Developing Zimbabwe’s automobile


The advent of the automobile was of great importance in our economic history.

It helped propel mankind’s endeavours in the exchange of goods and services or mobility to unimaginable convenience or even superfluity.

Indeed, the automobile industry lubricates and facilitates industrialisation of the economy.

Charles Duly introduced this marvellous technology onto the land between the Zambezi and the Limpopo Rivers in 1902.

In 1961, the country would witness the establishment of automobile assembly plants, far ahead of China or any of the East Asian economic Tigers.

The British Motor Corporation (BMC) [Leyland and now Quest Motors] established a motor assembly plant in 1960 in Mutare, then Umtali.

The Ford Motor Vehicle Plant (Willowvale Motor Industries) was established in 1961.

In 2018, the Zimbabwe Motor Industry Development Policy (ZMIDP) was launched with a view to reviving this strategic sector.

It had an implementation time line of 11 years up to 2030.

Subsequently, interim statutory requirements were put in place.

Zimbabwe’s automobile sector is currently dominated by imports, particularly second hand units.

This has strangled the domestic motor vehicle manufacturing industry.

For instance, statistics from the Central Vehicle Registry (2018) show that Zimbabwe imported 239 042 second-hand vehicles for the period January 2015 to September 2018.

As a result, the domestic automobile manufacturing industry has witnessed its market-share dwindling to unsustainable levels.

This situation has to be rectified.

The automobile industry is witnessing massive technological innovations.

From the pacesetting battery powered innovations by Elon Musk and the Tesla Motor Company, to Information Communication Technology-driven innovations now commonplace in the automobile sector today, Zimbabwe’s industry has significant gaps to fill.

While South Africa has a comparative advantage in terms of economies of scale and geographical location, Zimbabwe can equally develop its automobile sector to levels where it can contribute significantly to the overall Gross Domestic Product.

The automobile industry is strategic.

It can facilitate the development of other industries that include the battery, leather, radio, tyres, bolts, nuts, and steel sectors.
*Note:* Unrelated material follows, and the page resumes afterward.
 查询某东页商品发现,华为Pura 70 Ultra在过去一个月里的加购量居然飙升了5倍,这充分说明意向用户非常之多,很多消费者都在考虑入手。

According to Denford Mutashu of the Confederation of Zimbabwe Retailers, local vehicle assembly is failing to produce a US$5 000 car which the market demands because of low demand.

Support gaps

There is a visible dearth of support to the industry when compared to how China supported the growth of theirs.

China invested in STEM (Science, Technology, Engineering and Mathematics) subjects, building up a pool of engineers, people who could invent or improve things.
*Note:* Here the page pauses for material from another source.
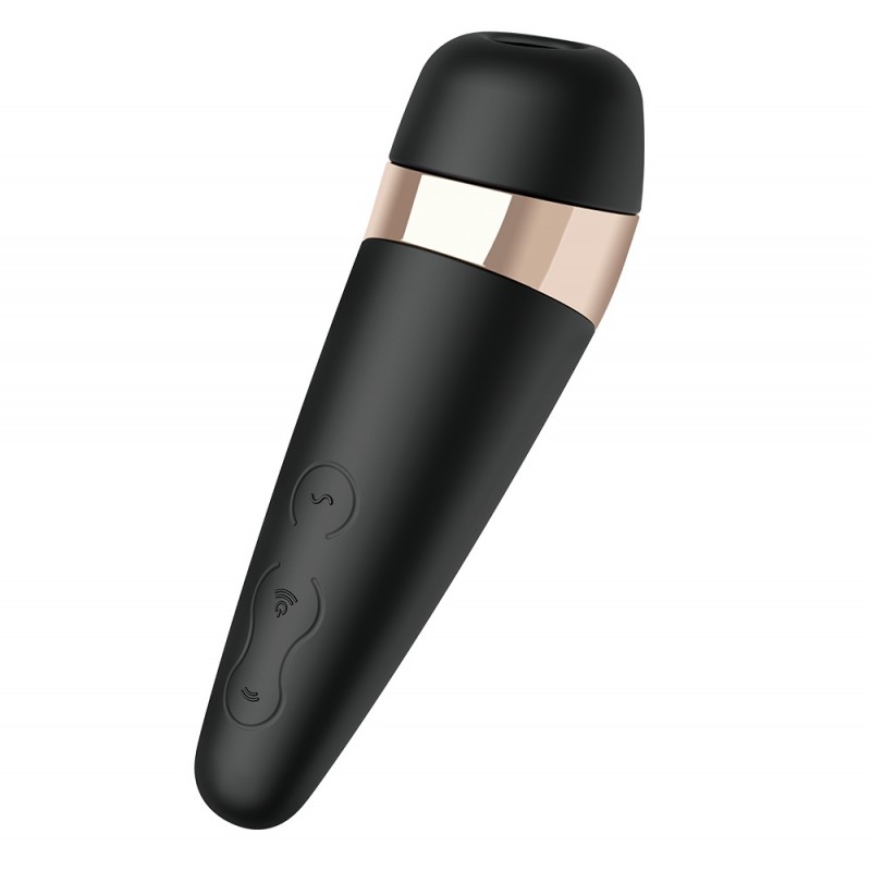 The new Satisfyer Pro 3 Vibration will make all your dreams of desire come true: Successor to the Satisfyer pressure-wave vibrators popular around the world, the Satisfyer Pro 3 Vibration offers a new design and additional vibration function. This clit vibrator combines intensive, non-contact pressure-wave clitoral stimulation with a sensually vibrating lay-on head: In the inner area, the silky smooth silicone ring changes rapidly between suction and pressure pulses in 11 intensity settings, creating the explosive feeling of oral sex. Meanwhile the edge of the ring around your clitoris massages you with 10 different, tingling vibration settings. The two functions can be controlled separately, meaning that there is a total of 110 combination options for you to discover. Regardless of the option you choose, unforgettable orgasms are guaranteed, especially thanks to the ultra-soft head which nestles very gently around your love bead.The head, made from skin-friendly silicone, has also been optimised. It is now bigger and wider so that it can surround your clitoris even more effectively, allowing you to forget the world while it provides you with stimulation ranging from tender to intense in 11 exciting steps.

Trinity Engineering were leading in this endeavour, unfortunately we did not give them the support they deserved.

The Japanese had given us automobile technology transfer through Mazda and we were supposed to initiate development of the local components for the motor vehicle. In any case, for the automobile there is no need to reinvent the wheel, but to improve on what is existing. For instance, Zimbabwe has significant reserves of lithium.

The automobile today is going electric, powered by the lithium battery.

It is here that Zimbabwe can contribute, take advantage of these lithium reserves and innovate with the battery.

The role of local innovators

This starts with the budget; how much we are appropriating towards research and development (R and D).

We have now created innovation hubs at local universities and a significant percentage of the National Budget should be reserved for R&D at these hubs.

There should be investment in R&D for both individual and institutional researches.

Anything less, we will continue to lose all the innovative brains.

The motor vehicle industry is strategic and deserves all the support.

Ekironi Madzanira is a PhD Student with the Zimbabwe Open University. His research explores the case of innovation for the revival of the automobile industry in Zimbabwe.